We’ve switched up our childcare situation. After YEARS of going to the Stoneham Y, we switched to a different afterschool situation. The kids have a little more autonomy there, and it’s awesome, but it’s also a lot less controlled. It’s been going really well so far! It feels like a huge deal in the daily life of the family, and like a marker in the “wow, they’re really growing up aren’t they?” page. One change is that childcare isn’t available for the break weeks – like winter break, Feb break and April break. We just worked from home this last week (or took the kids into the office!). We’ll ship them out to Washington in February, and import Meme for the April break!

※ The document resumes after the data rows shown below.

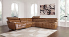 | Details | Includes 5 pieces: left-arm facing power recliner, power armless recliner, wedge, armless chair and right-arm facing power recliner, "Left-arm" and "right-arm" describe the position of the arm when you face the piece, One-touch power control with adjustable positions, USB-C fast charging and zero-draw USB port, Zero-draw technology only consumes power when the USB receptacle is in use, Zero-gravity mechanism allows optimum reclining comfort with infinite reclining positions at the touch of a button, Corner-blocked frame with metal reinforced seats, Attached cushions, High-quality foam cushions wrapped in poly fiber, 100% top grain leather covers inside areas such as the back, seat and arm cushions; skillfully matched faux leather covers the remaining areas, Due to its natural origin, real leather can show individual characteristics such as healed scars, growth marks, grain variation and shade variation, Natural variations make each hide unique and do not detract from the wearing qualities of leather, Easy View™ manual adjustable headrest, Zero wall recliner design requires minimal space between wall and chair back | |
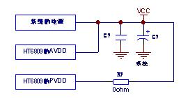3、 HT6809的VDD端布線注意事項(xiàng):HT6809的PVDD腳干擾較大,為了不干擾HT6809的AVDD,PVDD取從系統(tǒng)總電源處(電源入口)取電,電源入口處有大電容可以對PVDD產(chǎn)生的紋波進(jìn)行濾波,濾波后再把電源供給AVDD和系統(tǒng)上其他需要電源的地方。下圖為示意圖:
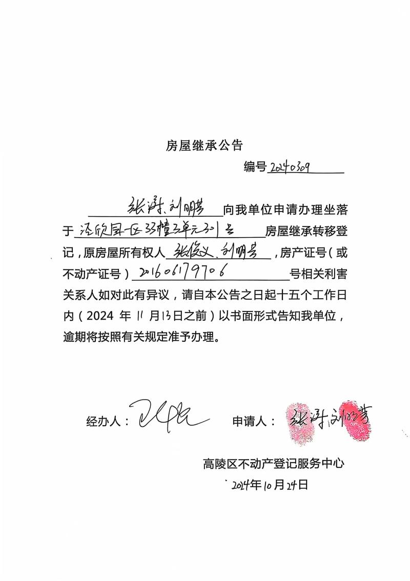 張濤、劉明芳房屋繼承公告 編號:20240309
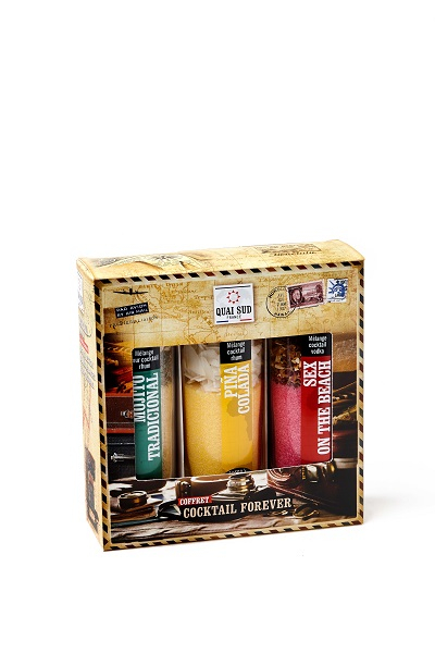 | Ingrédients : | Mélange pour cocktail Pina Colada : sucre de canne, morceaux d’ananas 12,7 % (ananas, sucre, acide citrique), rubans de noix de coco 12,7 %, tranches de bananes (banane, huile de coco, sucre, arôme), colorant: E102, arôme naturel goût ananas, arôme naturel goût noix de coco. Peut avoir un effet nuisible sur l’activité et l’attention des enfants. Mélange pour Mojito Tradicional : sucre de canne, écorces de citron, feuilles de menthe, arôme naturel goût citron vert, arôme naturel menthe. Mélange pour cocktail Sex on the Beach : sucre de canne, morceaux d’ananas (ananas, sucre, acide citrique), morceaux de cranberry (cranberry, sucre, huile de tournesol), écorces d’orange, pétales de rose, colorant naturel carmin, arôme (pêche de vigne), arôme naturel goût cranberry. |
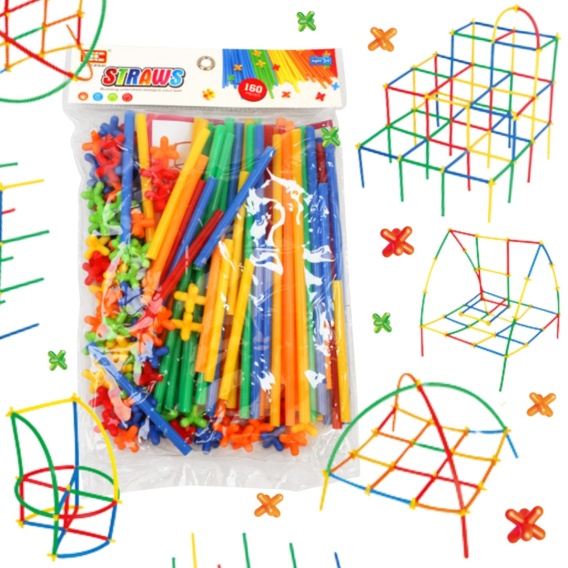 Klocki Słomki Konstrukcyjne Kreatywne 3D Patyczki Rurki Zestaw 160 ele
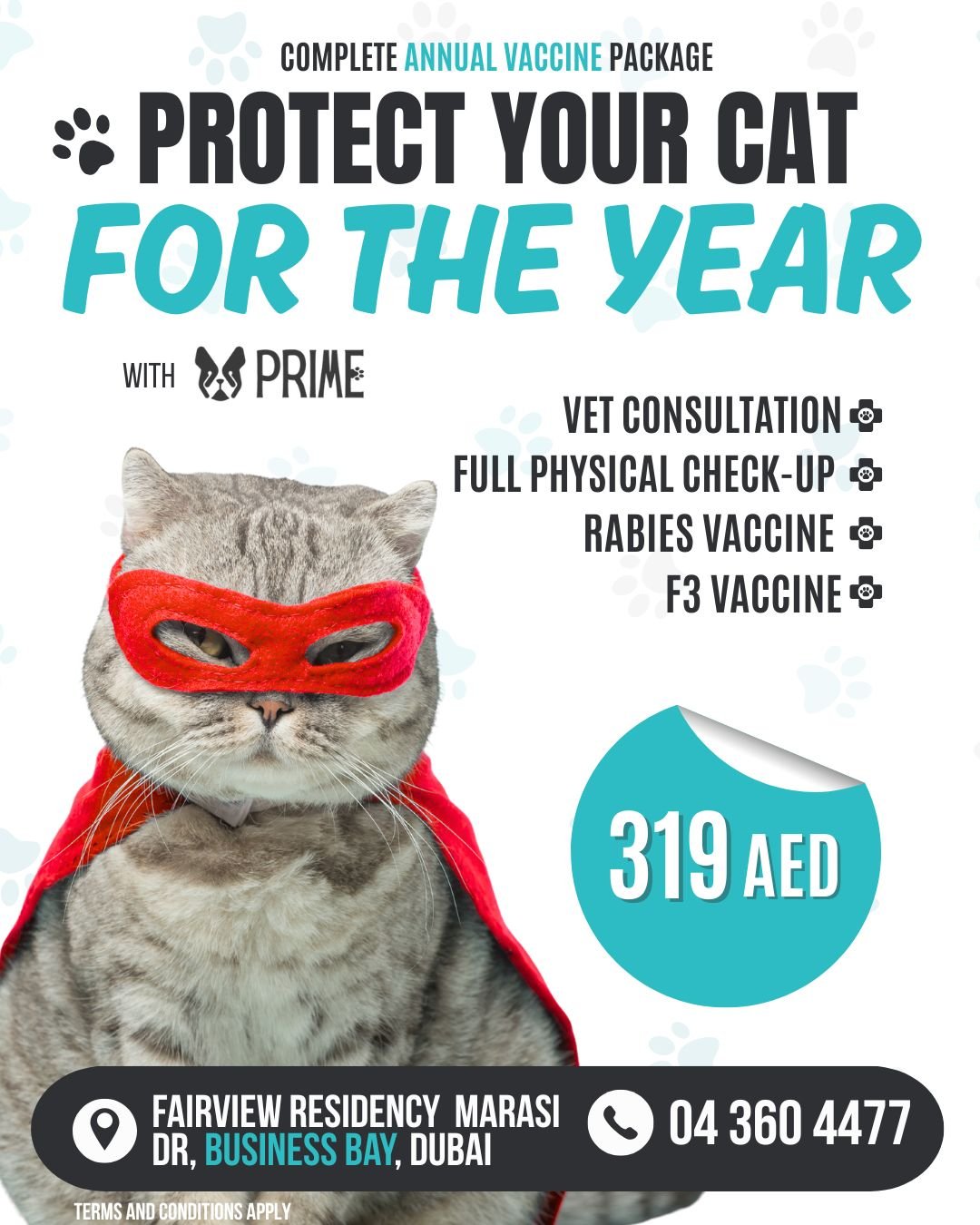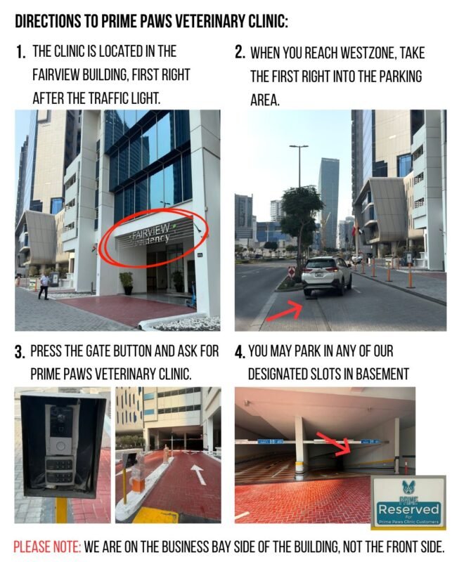 Bring your pet’s vaccination records, medical history, and Emirates ID (if applicable for
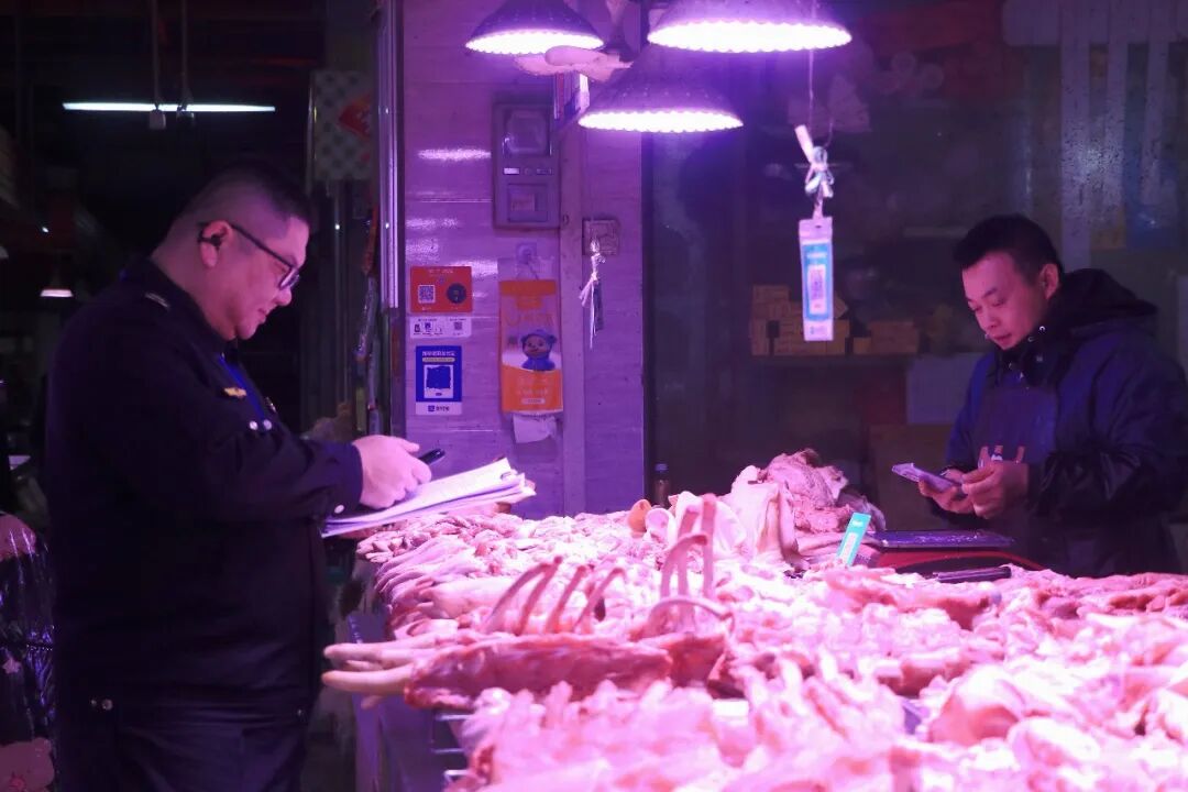1月16日,柳江区市场监督管理局对辖区内农贸市场、餐饮门店等场所开展食品安全专项检查,重点规范肉类经营秩序,聚焦生产、流通、消费全链条,全力守护群众“舌尖上的安全”。
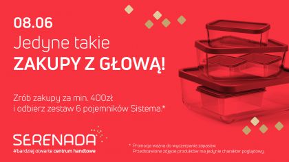 Już w najbliższą sobotę – 8 czerwca, klienci Serenady będą mieli okazję wziąć udział w wyjątkowej akcji promocyjnej. Po zakupach i okazaniu paragonów na minimum 400 zł będą mogli odebrać specjalny upominek – zestaw sześciu pojemników lunchowych firmy Sistema. Praktyczny zestaw pojemników z wygodnym zamknięciem idealnie nadaje się do przechowywania żywności. Sprawdzi się nie tylko w pracy czy szkole, ale może być również komfortowym gadżetem piknikowym.

This was a huge and hard year in the life of my church. Last Christmas Eve was the last time our Interim Minister worshiped with us. We’re coming up on the 1 year anniversary of his diagnosis with glioblastoma. He was gone by Easter. We scrambled to keep things running, and I’m proud of how well we have stuck together. We finished the Mission Study (a process I ran). We finally have started the Pastor Nominating Committee (which I’m chairing). I’m also on Session (our leadership board) right now. Adam is chairing Trustees (the “let’s keep the building and finances in one piece” group). It’s a lot of work in a hard time for the congregation. But it’s meaningful work, and it’s with people I care deeply about.
For me, this was a good year. I am still obnoxiously happy with my job. I got to travel all over the place this year (which actually gets pretty tiring after a while). I went to Madrid, Chicago, Houston and LA. I am pretty sure I went more places, but I can’t remember them. I’ve continued my faithful once-a-week updating of this blog (although the readership has declined prodigiously, which makes me sad). A new thing for me this year was running. I started running in April, and have gone on 44 runs since then totaling 113 miles. I generally run about a 5k on my runs. I’m slow, but it’s one small fight against entropy.
We have continued many of the rich and wonderful things we usually do. We went camping 3 times this year. We hosted Piemas and Mocksgiving, and added in Flynns Fiery Feast as the third event of the year. We played tons of board games at 9 pm when the kids were finally in bed. We went on hikes. We watched movies. We took trips and had adventures. We visited Quebec City in April, spent Thanksgiving hitting museums in DC, and took the boys to their first gaming convention. We played Pokemon Go. We spent time with our neighbors, fund-raised for a service dog, and stuffed Easter Eggs together around the fireplace. We learned we loved roller coasters and that the kids have absolutely 0 fear of heights.
It was a joyful year. I can only hope that 2017 is also a joyful year – not just for my family, but for yours. May our worst fears evaporate and our greatest hopes come to pass. May the next year find us more peaceful, more joyful and with a bounty of love and sufficiency spread across all humanity!